The script for the film adaptation was based on the story from Ed Mort in Looking for Silva. In the film, the private detective lives in São Paulo, instead of Rio de Janeiro like in the comics.

==Music==
Arrigo Barnabé's background score for the film was released in 1997 by Brazilian record label Rob Digital.

==Release and reception==
Ed Mort premiered in Rio de Janeiro, Belo Horizonte and Curitiba during May 1997. In São Paulo, it was released to theaters on June 5, 1997. HBO Brasil aired Ed Mort around the same time as its theatrical release, which caused some Brazilian theaters to boycott the film.
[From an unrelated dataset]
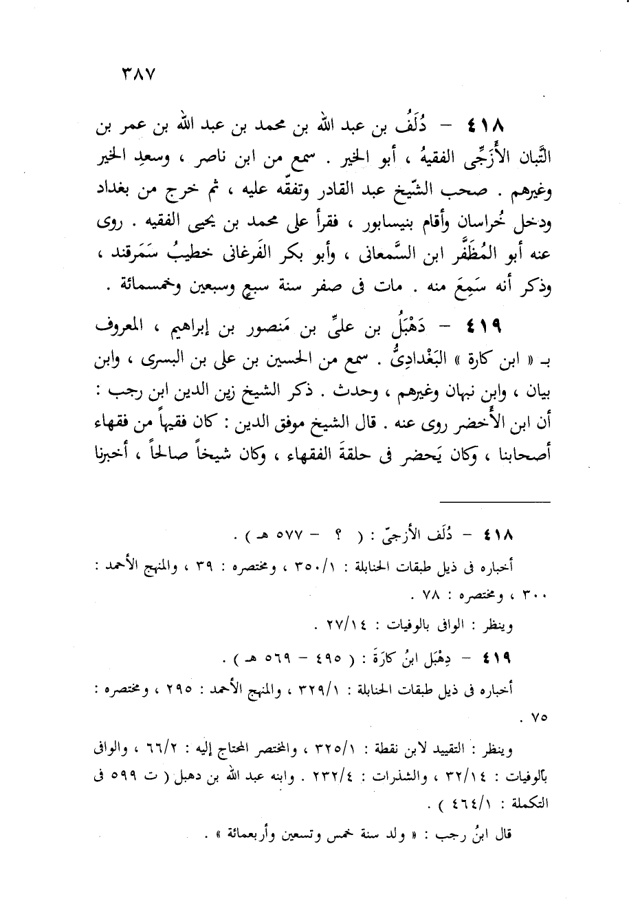 418 - دلف بن عبد الله بن مُحَمَّد بن عبد الله بن عمر بن التبَّان الأزجى الْفَقِيه أَبُو الْخَيْر

The deal with HBO Brasil came about after the company gave $100,000 worth of funding to help the film get completed. In February 1998, Ed Mort was also shown at the Fantasporto Film Festival in Portugal.

Brazilian publication Agência Senado said in 1998 that the film "walks a fine line between humor and police drama."